- [GIVEN INFORMATION]:
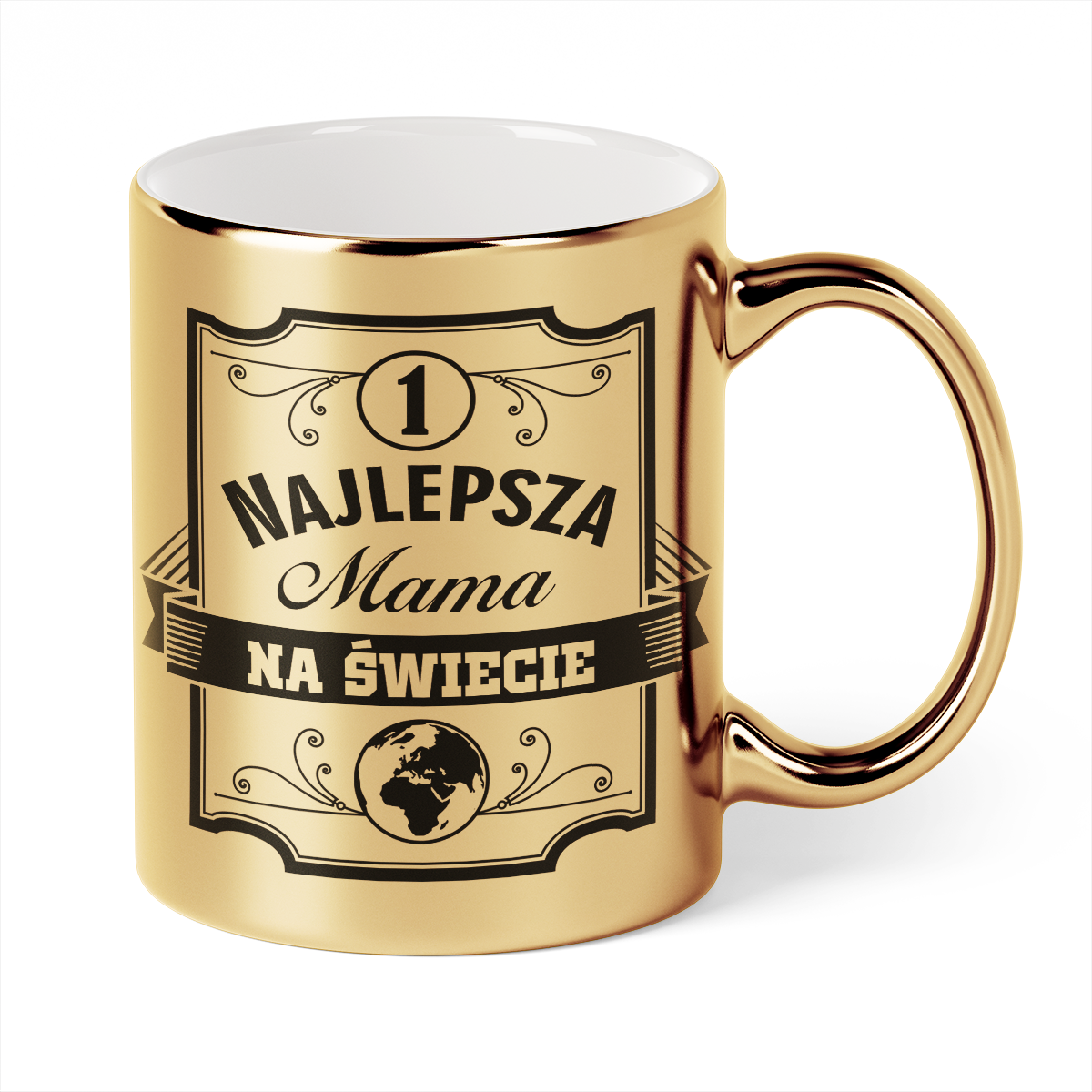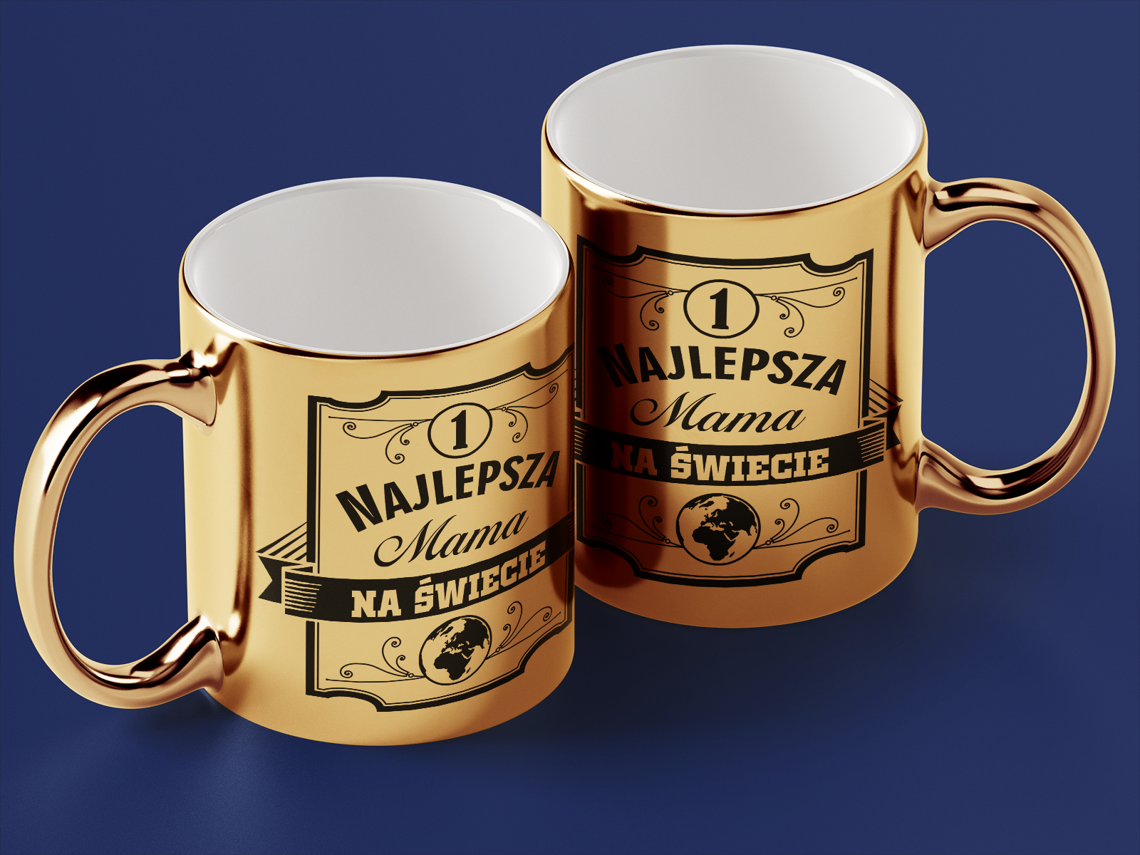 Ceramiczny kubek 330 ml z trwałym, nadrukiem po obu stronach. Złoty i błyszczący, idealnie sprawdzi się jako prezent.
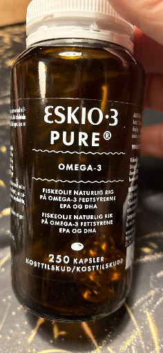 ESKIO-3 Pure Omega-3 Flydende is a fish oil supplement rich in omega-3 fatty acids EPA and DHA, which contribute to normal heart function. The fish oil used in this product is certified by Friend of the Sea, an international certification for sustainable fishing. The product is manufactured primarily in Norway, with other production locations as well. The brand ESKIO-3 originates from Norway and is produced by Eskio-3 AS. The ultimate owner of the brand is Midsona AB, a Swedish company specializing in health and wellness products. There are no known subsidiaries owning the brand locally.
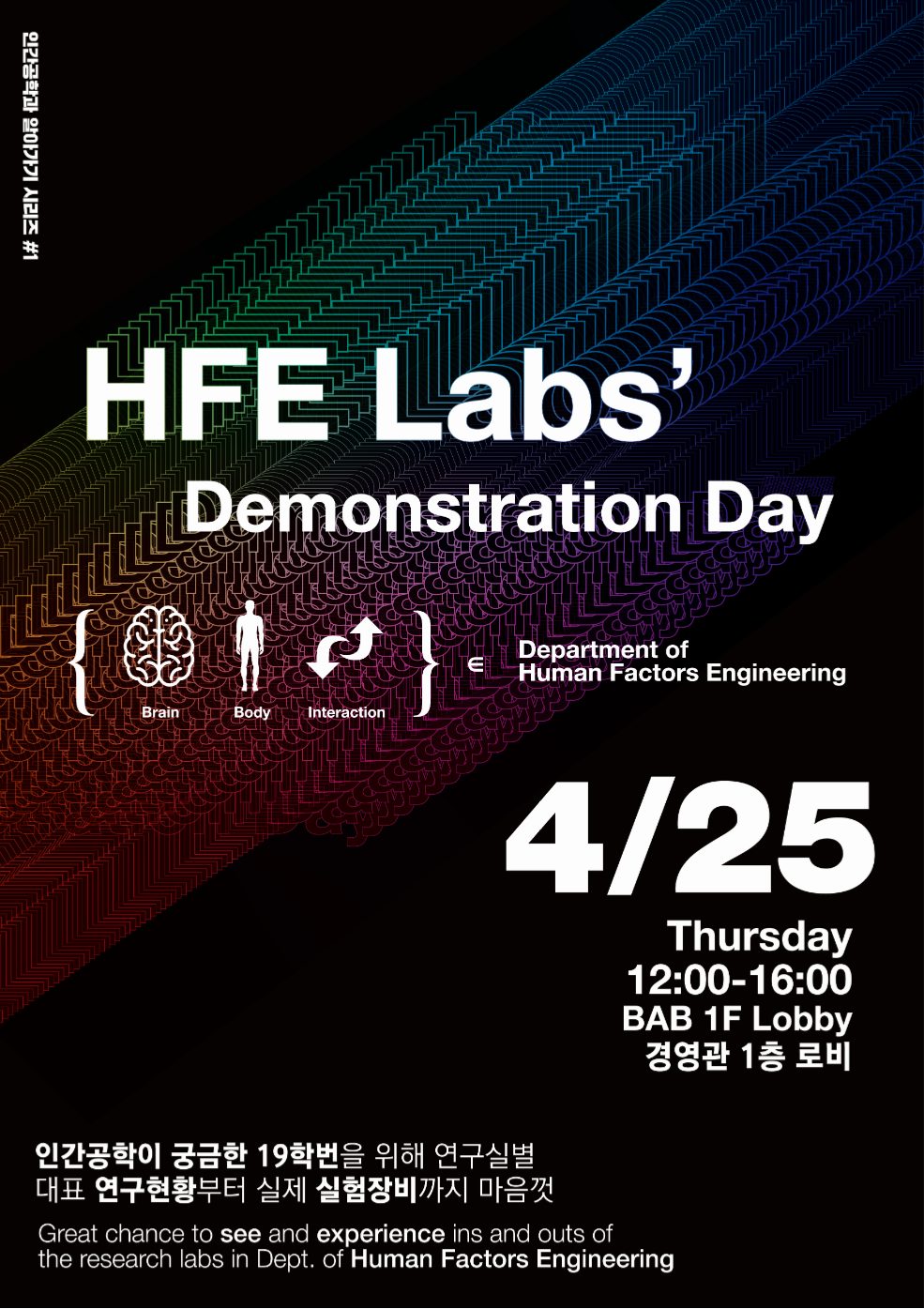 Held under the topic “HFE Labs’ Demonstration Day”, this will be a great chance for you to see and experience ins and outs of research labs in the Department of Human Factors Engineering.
---
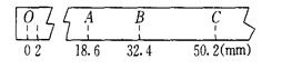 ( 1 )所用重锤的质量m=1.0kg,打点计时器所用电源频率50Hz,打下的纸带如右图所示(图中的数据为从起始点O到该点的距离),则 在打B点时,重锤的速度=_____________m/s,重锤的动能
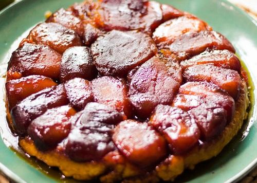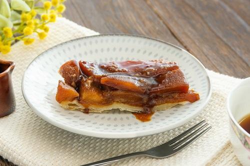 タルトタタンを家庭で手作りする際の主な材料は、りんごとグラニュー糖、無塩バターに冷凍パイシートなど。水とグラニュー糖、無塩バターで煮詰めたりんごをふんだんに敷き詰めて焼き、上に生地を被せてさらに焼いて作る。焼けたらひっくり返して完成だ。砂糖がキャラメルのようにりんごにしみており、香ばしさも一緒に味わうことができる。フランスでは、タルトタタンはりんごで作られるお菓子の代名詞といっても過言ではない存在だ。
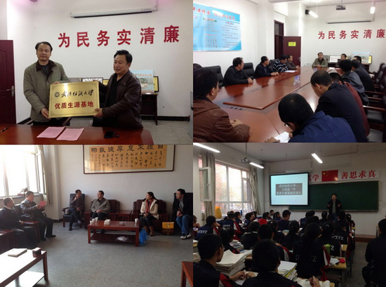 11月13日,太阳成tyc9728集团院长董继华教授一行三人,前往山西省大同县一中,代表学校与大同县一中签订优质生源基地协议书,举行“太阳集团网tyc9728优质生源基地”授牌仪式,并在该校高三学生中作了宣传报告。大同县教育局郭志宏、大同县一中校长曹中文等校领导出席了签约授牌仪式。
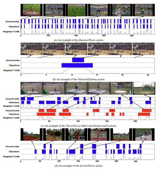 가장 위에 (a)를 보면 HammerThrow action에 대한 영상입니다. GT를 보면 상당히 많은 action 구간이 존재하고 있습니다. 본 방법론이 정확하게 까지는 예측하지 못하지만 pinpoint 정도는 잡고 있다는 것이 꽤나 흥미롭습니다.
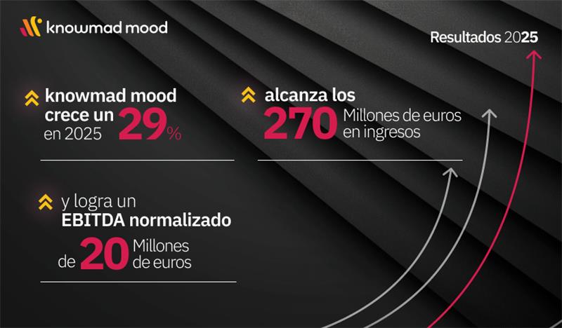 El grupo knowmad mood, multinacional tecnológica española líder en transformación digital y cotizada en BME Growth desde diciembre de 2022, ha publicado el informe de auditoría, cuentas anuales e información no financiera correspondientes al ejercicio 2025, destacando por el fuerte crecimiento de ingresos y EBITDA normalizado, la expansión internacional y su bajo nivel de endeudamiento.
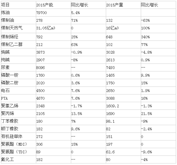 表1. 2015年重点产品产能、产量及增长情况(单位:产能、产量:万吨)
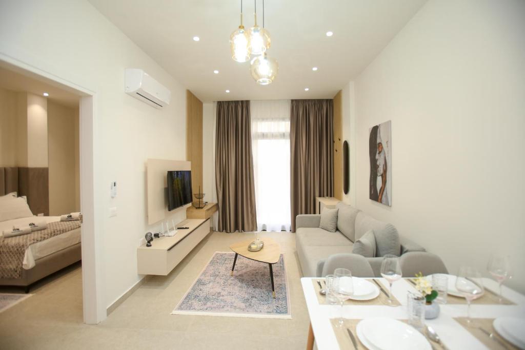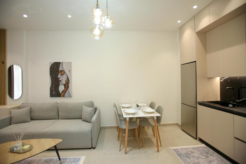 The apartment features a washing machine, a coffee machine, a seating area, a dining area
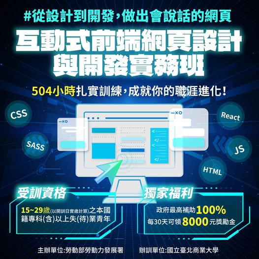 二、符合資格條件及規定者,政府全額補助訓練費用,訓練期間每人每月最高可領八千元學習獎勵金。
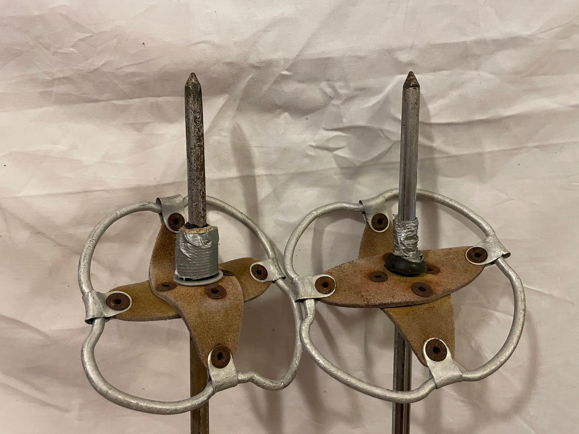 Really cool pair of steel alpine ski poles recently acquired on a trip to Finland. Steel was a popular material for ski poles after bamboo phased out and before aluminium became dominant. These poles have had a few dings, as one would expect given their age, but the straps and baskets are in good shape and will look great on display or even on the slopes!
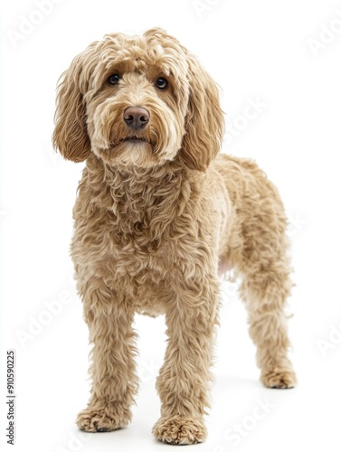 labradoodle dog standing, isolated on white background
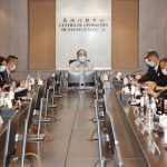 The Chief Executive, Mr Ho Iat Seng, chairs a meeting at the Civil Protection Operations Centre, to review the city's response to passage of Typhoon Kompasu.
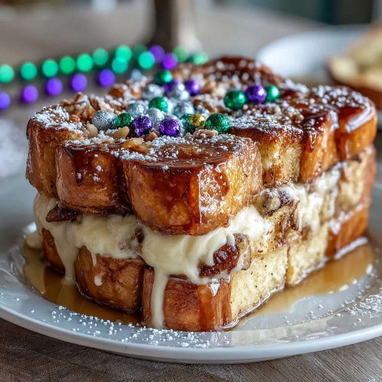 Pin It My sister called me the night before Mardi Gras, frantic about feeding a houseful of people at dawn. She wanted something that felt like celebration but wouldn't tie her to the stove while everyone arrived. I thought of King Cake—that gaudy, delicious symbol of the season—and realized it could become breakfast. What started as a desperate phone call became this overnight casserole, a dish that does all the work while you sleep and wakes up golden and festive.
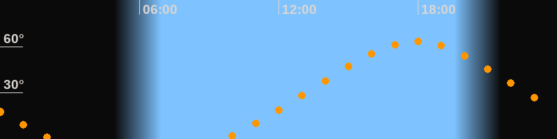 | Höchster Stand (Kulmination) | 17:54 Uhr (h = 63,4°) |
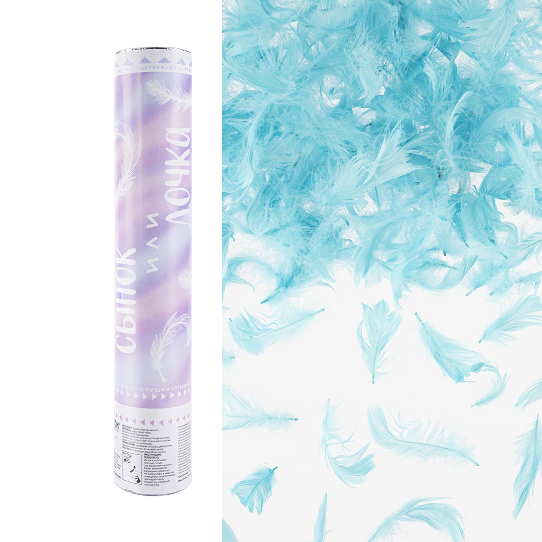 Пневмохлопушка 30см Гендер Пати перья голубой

- [WHAT THE EXERCISE ASKS]: Print nothing except the lines above from the one containing "Ceramiczny kubek 330" down to the one containing "Held under the", both included, exactly as written and free of pictures.

- [WRITTEN RESPONSE]:
 Ceramiczny kubek 330 ml z trwałym, nadrukiem po obu stronach. Złoty i błyszczący, idealnie sprawdzi się jako prezent.
 ESKIO-3 Pure Omega-3 Flydende is a fish oil supplement rich in omega-3 fatty acids EPA and DHA, which contribute to normal heart function. The fish oil used in this product is certified by Friend of the Sea, an international certification for sustainable fishing. The product is manufactured primarily in Norway, with other production locations as well. The brand ESKIO-3 originates from Norway and is produced by Eskio-3 AS. The ultimate owner of the brand is Midsona AB, a Swedish company specializing in health and wellness products. There are no known subsidiaries owning the brand locally.
 Held under the topic “HFE Labs’ Demonstration Day”, this will be a great chance for you to see and experience ins and outs of research labs in the Department of Human Factors Engineering.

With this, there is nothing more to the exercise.